[Saved data entries]
================

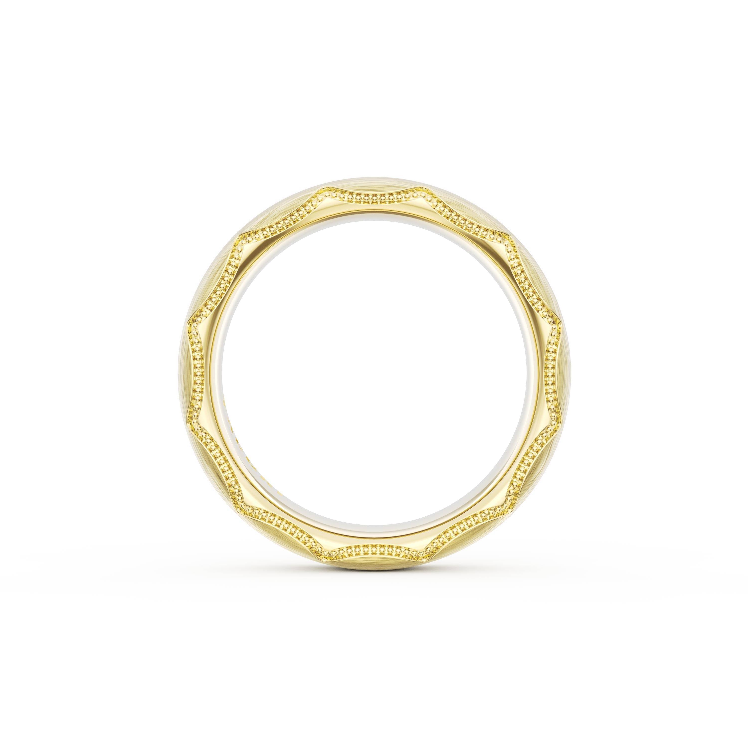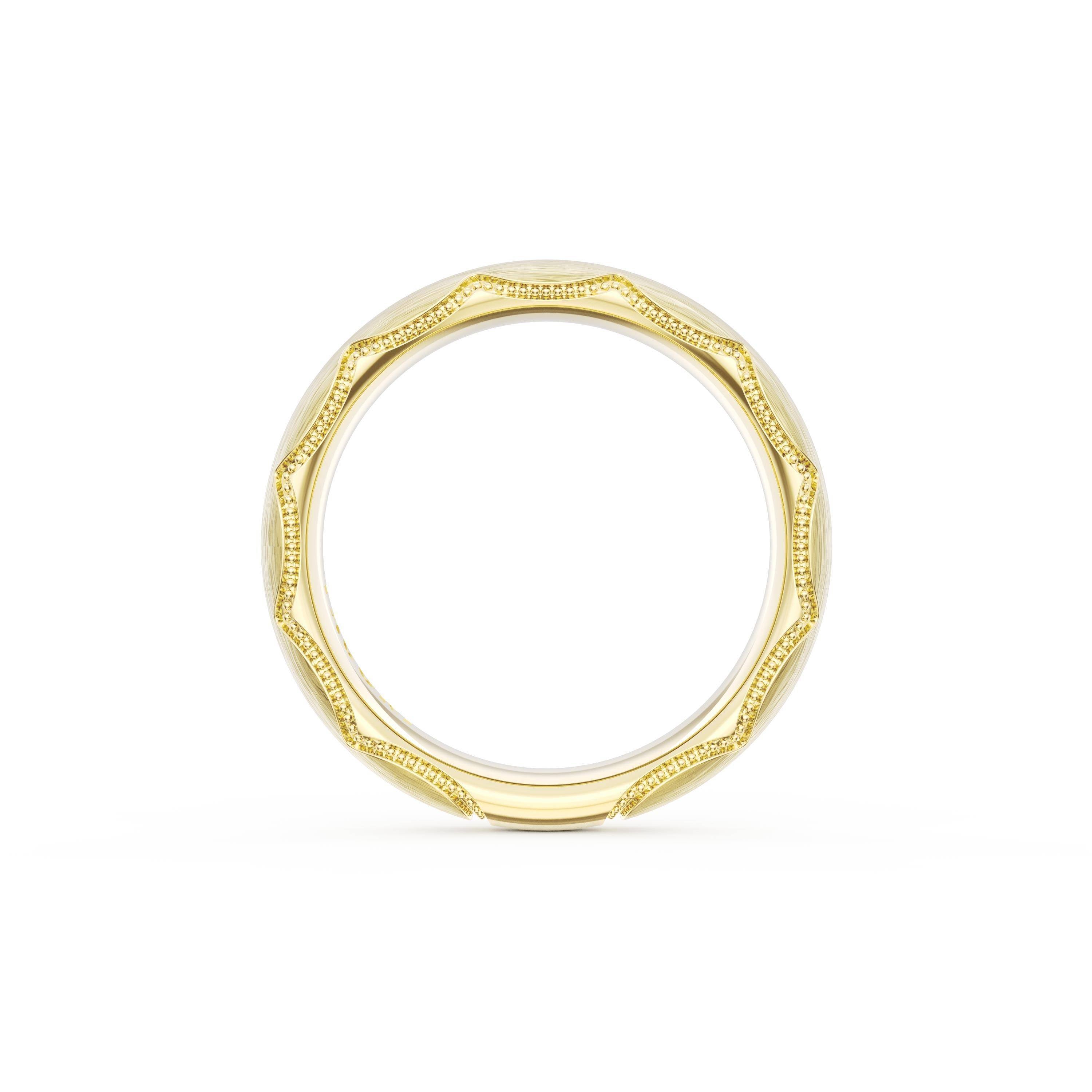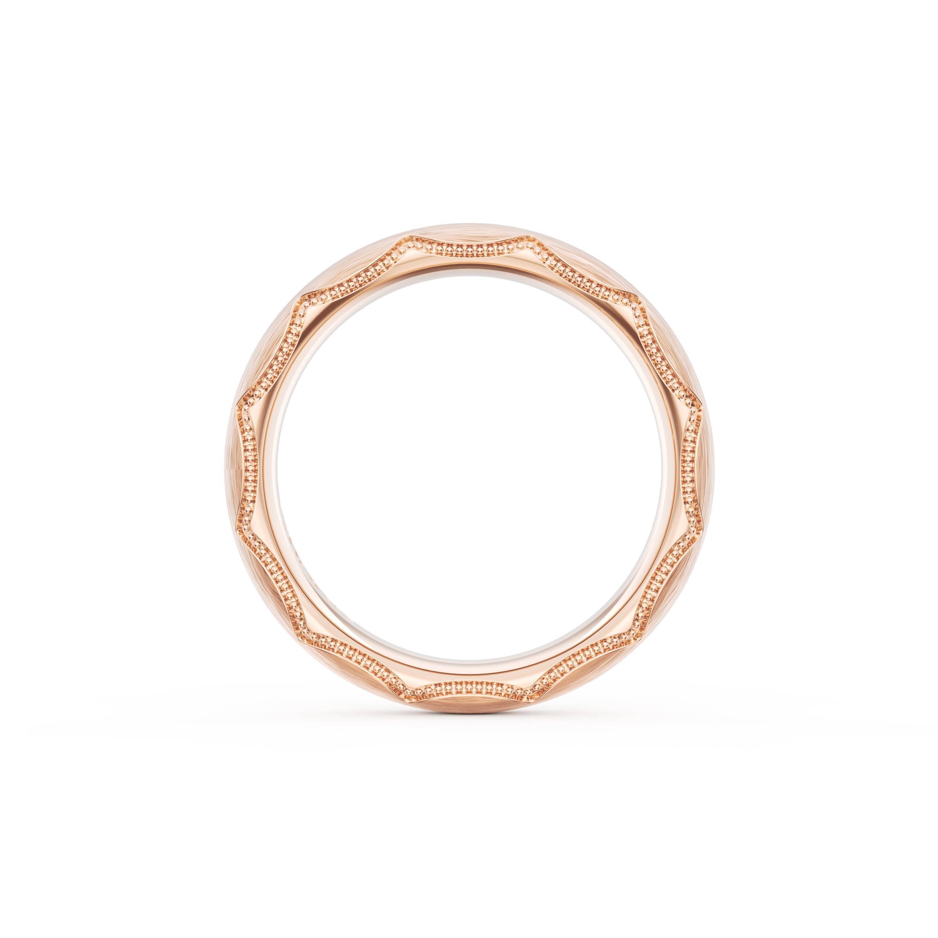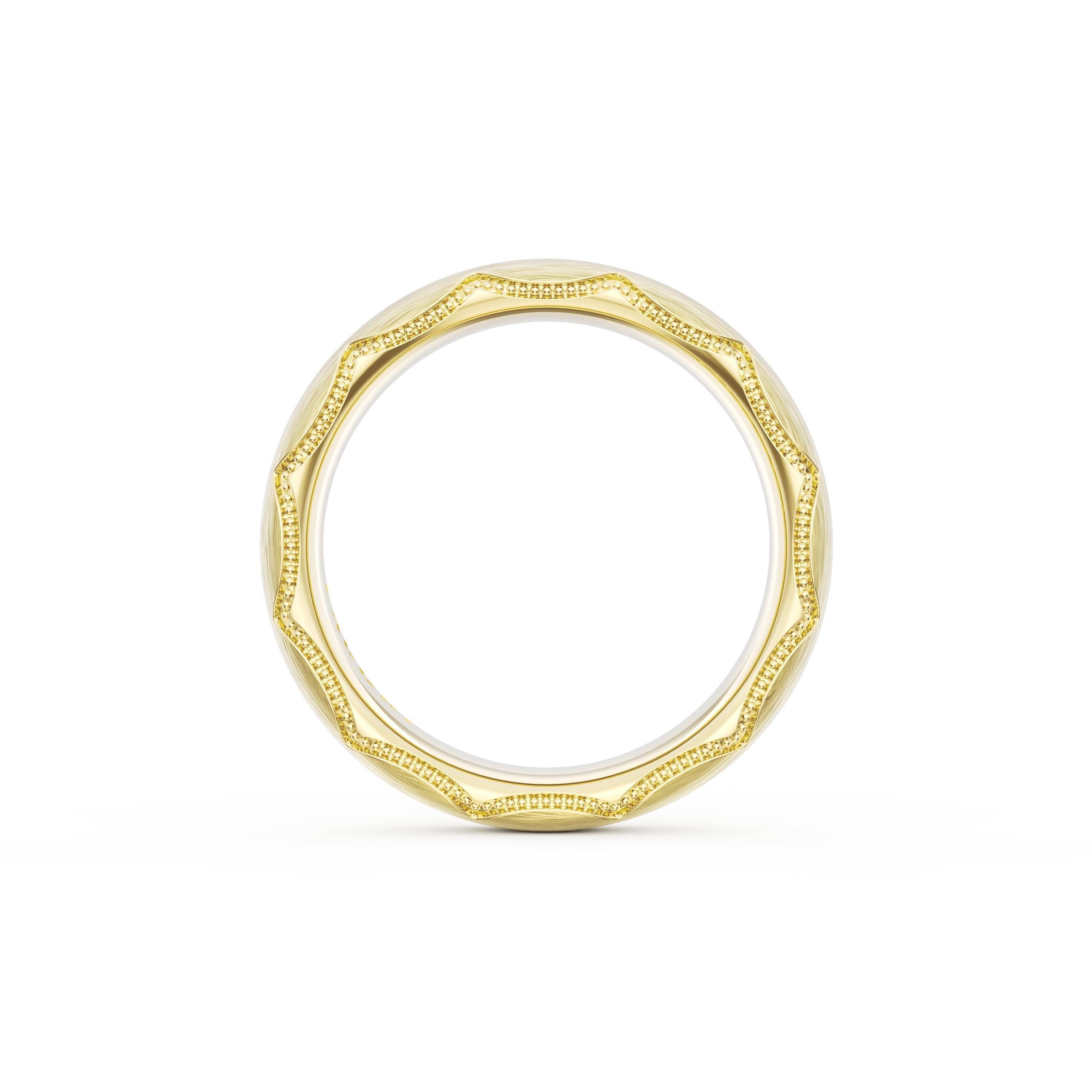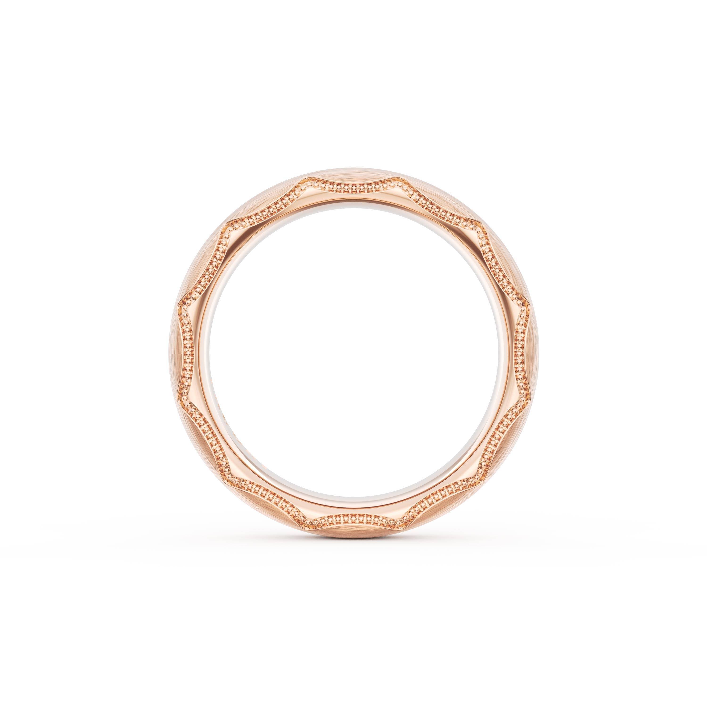 This bold and modern cigar-style band with clean lines gets a touch of texture from milgrain Crescent detailing on the silhouette.
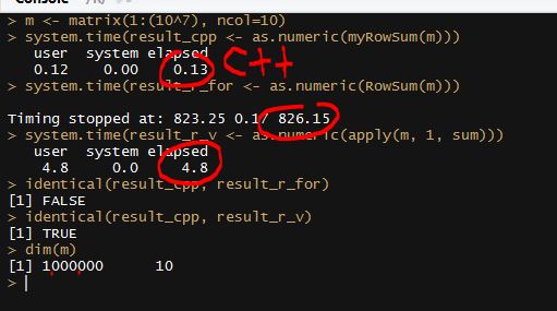 I was following the “High Performance Computing using Rcpp” in Hadley Wichham’s Advanced R. I did an experiment in R which there are two functions, one function myRowSum written in C++, and the other one written in plain R. As you can see from the code, they are very similar, same variable name, same for loop, same logic…etc. However, I have been totally blown away by the difference between total time.
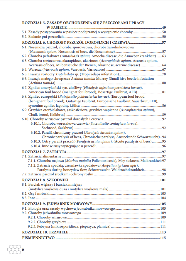 - Zawarte tu wiadomości o pszczołach, ich systematyce i rozmieszczeniu geograficznym, o produktach pszczelich, o anatomii i fizjologii pszczoły miodnej, a także strukturze pasieki i sezonowych pracach w pasiece pomogą zrozumieć mechanizmy patogenezy chorób, sposobów leczenia zasad doboru leków. Pomogą też w postępowaniu w pasiece podejrzanej o choroby i pasiece, w której znajdują się chore rodziny pszczele.
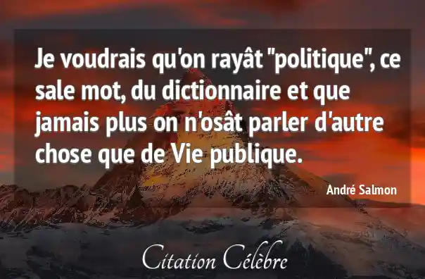 Je voudrais qu'on rayât "politique", ce sale mot, du dictionnaire et que jamais plus on n'osât parler d'autre chose que de Vie publique.
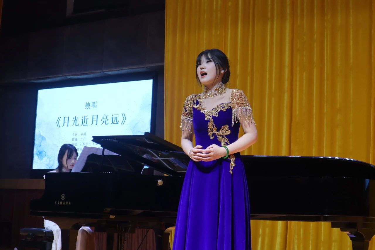 独唱《望月》温情脉脉,“月亮在天上,我在地上;就像你在海角,我在天涯。”将一种淡淡的忧伤以歌唱的形式传达给身处海角的“你”,也将思念传递给了在场的每一位观众......接着是独唱《春雨》《月亮近月亮远》,清澈纯净的嗓音,恢宏的旋律体现了民族音乐的传统美学,歌者深情地演唱瞬间博得了在场观众的阵阵掌声。
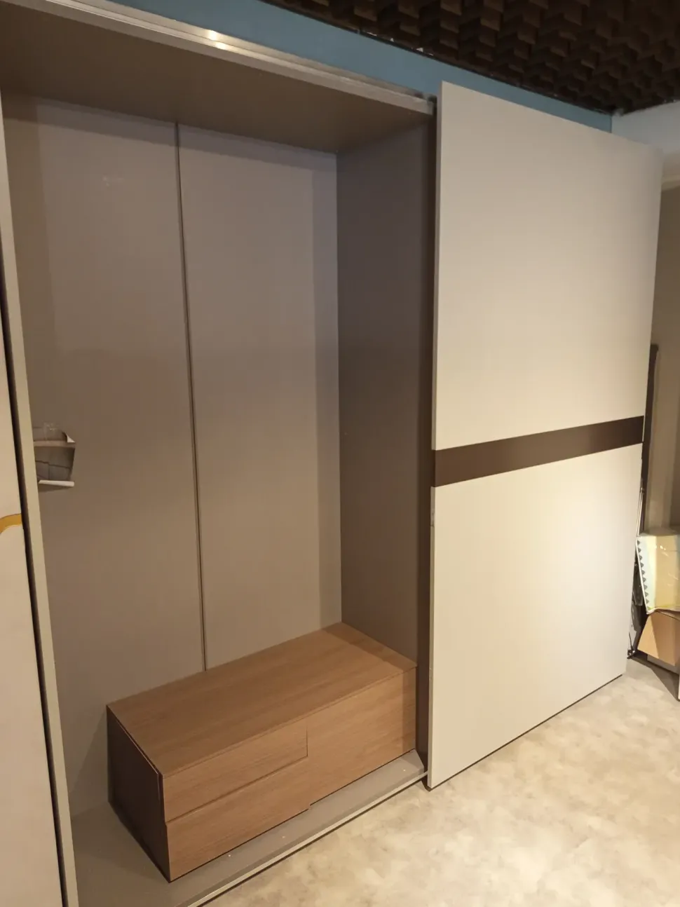 Armadio scorrevole Maronese Mod. Furios. Laccato opaco Grigio e inserto laccato metallizzato Bronze. Pezzo unico. L278 H255 P66.
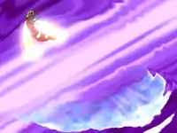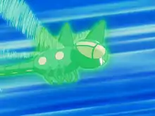 | Description: Yanmega lifts Seviper into the air. Then Seviper uses Poison Tail and Yanmega hits Seviper's tail with Silver Wind, creating multiple arrow-shaped purple beams. The combination was used during a two-on-two Contest Battle against Ursula's Plusle and Minun in the Daybreak Town Pokémon Contest. | |||
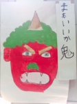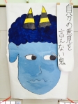 さてクイズです。次の写真は、どの学年が追い出したい鬼でしょうか。職員室の先生方の鬼も混じっています。(答えは、お子さんにお聞きください。)
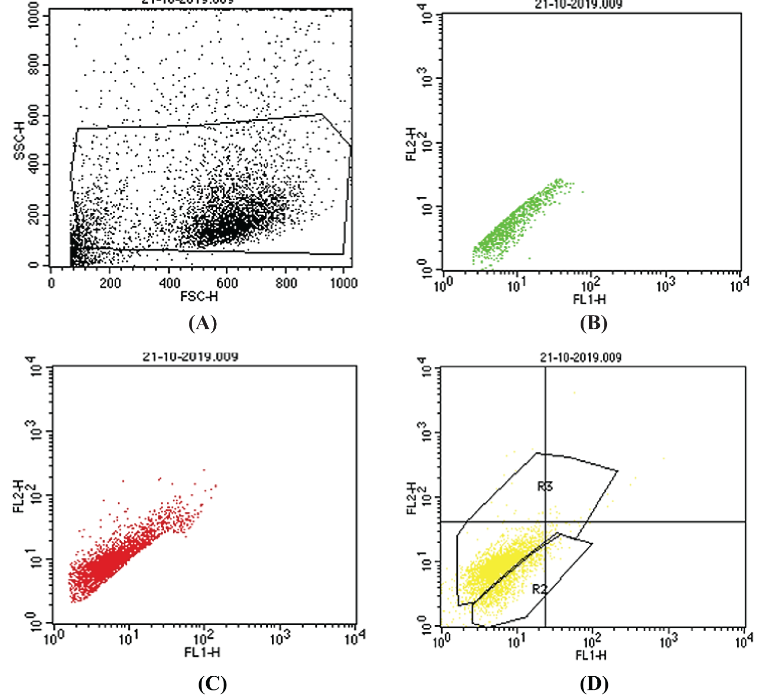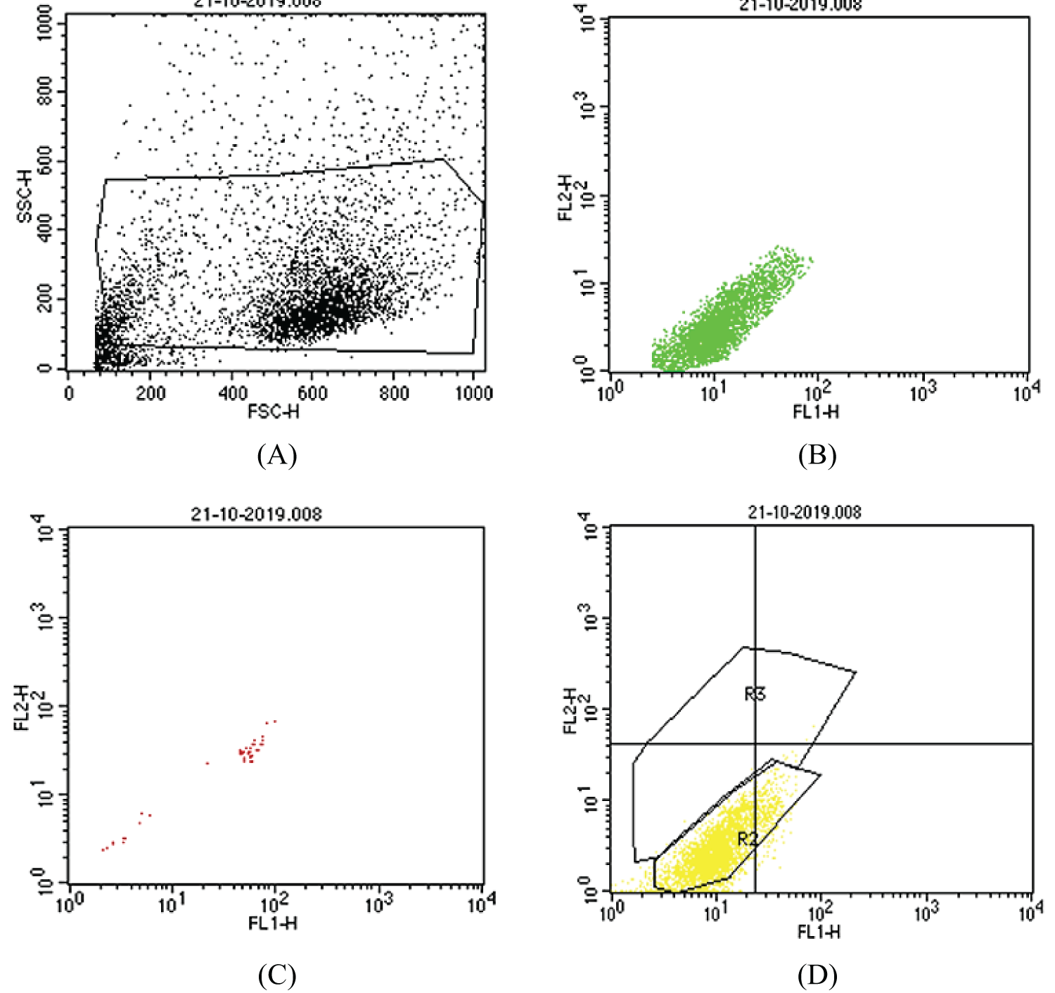 Fig. 4. Histogram 2. CatK production by bone marrow cells: Gate R1 (A) represents the cells analyzed, (B) Cells without anti-CatK antibody, (C) Cells positive for Catk in the microvibration group, and (D) Cells negative for CatK (R2) and positive for CAtK (R3).
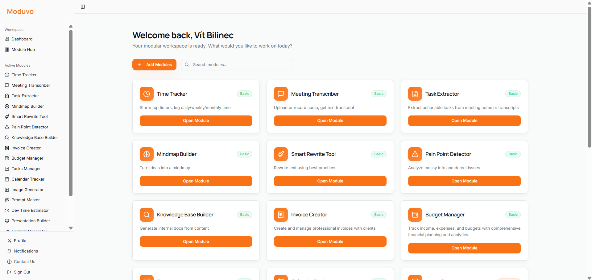 Moduvo é uma plataforma de assistente modular projetada para aumentar sua produtividade em vários aspectos do trabalho diário. Seu principal objetivo é ajudá-lo a gerenciar tudo, desde tarefas de suporte até vendas, gestão e mais, permitindo que você combine e ajuste uma suíte de módulos de produtividade—tudo em um só lugar. Aqui está uma análise detalhada do que o Moduvo faz e como ele pode ajudá-lo:
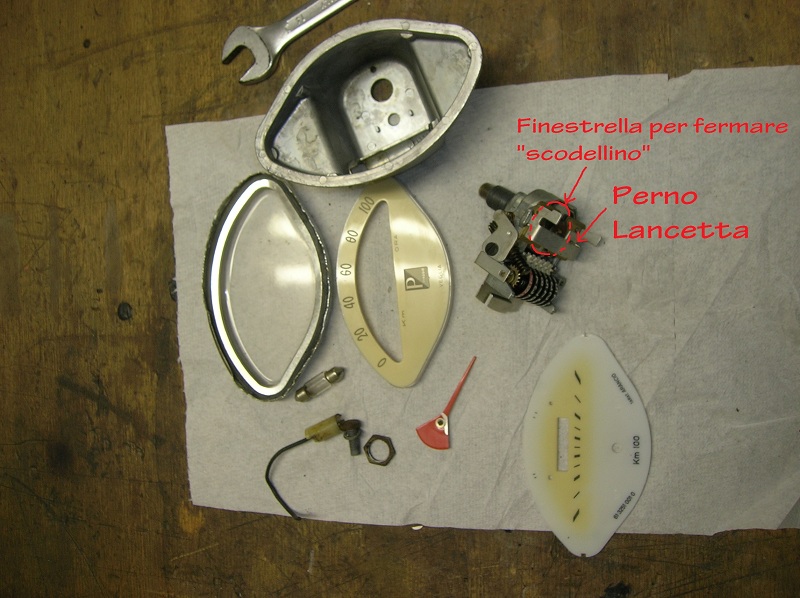 La lancetta è fissata a pressione su un piccolo pernetto solidale ad uno "scodellino". Dalla foto si capisce (E' quello indicato in rosso di forma circolare). Se tu tenti di far girare la lancetta senza tenere fermo nulla non accade niente in quanto lo scodellino di latta al quale la lancetta è fissata non è solidale a nulla ma viene azionato magneticamente di conseguenza muovi in senso orario o antiorario la lancetta e si trascina dietro lo scodellino in latta di conseguenza chiaramente non si schioda. Guarda bene il contachilometri, se noti tra il fondo ed il meccanisco, nella parte retrostante vedrai una piccola finestrella dalla quale intravedi lo scodellino in latta di cui ti ho parlato. A scanso di equivoci muovi la lancetta avanti e lasciala ritornare a zero e lo individui immediatamente in quanto al muoversi della lacetta pure lo scodellino in latta ruota. Ecco, dalla fessura che intravedi blocca questo scodellino. Puoi usare un cacciavite da orologiaio, uno stizzicadenti, il mignolo del dito, di tutto. A scodellino fermo forza la lancetta in senso orario (come se stessi accelerando) e viene via in un attimo. Garantito. E' davvero una scemenza... |

================

* WORK REQUIRED
Word for word, write out the lines from the top of the records above down to the line holding "I was following", inclusive, but not the pictures.

* REPLY TO THE TASK
 This bold and modern cigar-style band with clean lines gets a touch of texture from milgrain Crescent detailing on the silhouette.
 I was following the “High Performance Computing using Rcpp” in Hadley Wichham’s Advanced R. I did an experiment in R which there are two functions, one function myRowSum written in C++, and the other one written in plain R. As you can see from the code, they are very similar, same variable name, same for loop, same logic…etc. However, I have been totally blown away by the difference between total time.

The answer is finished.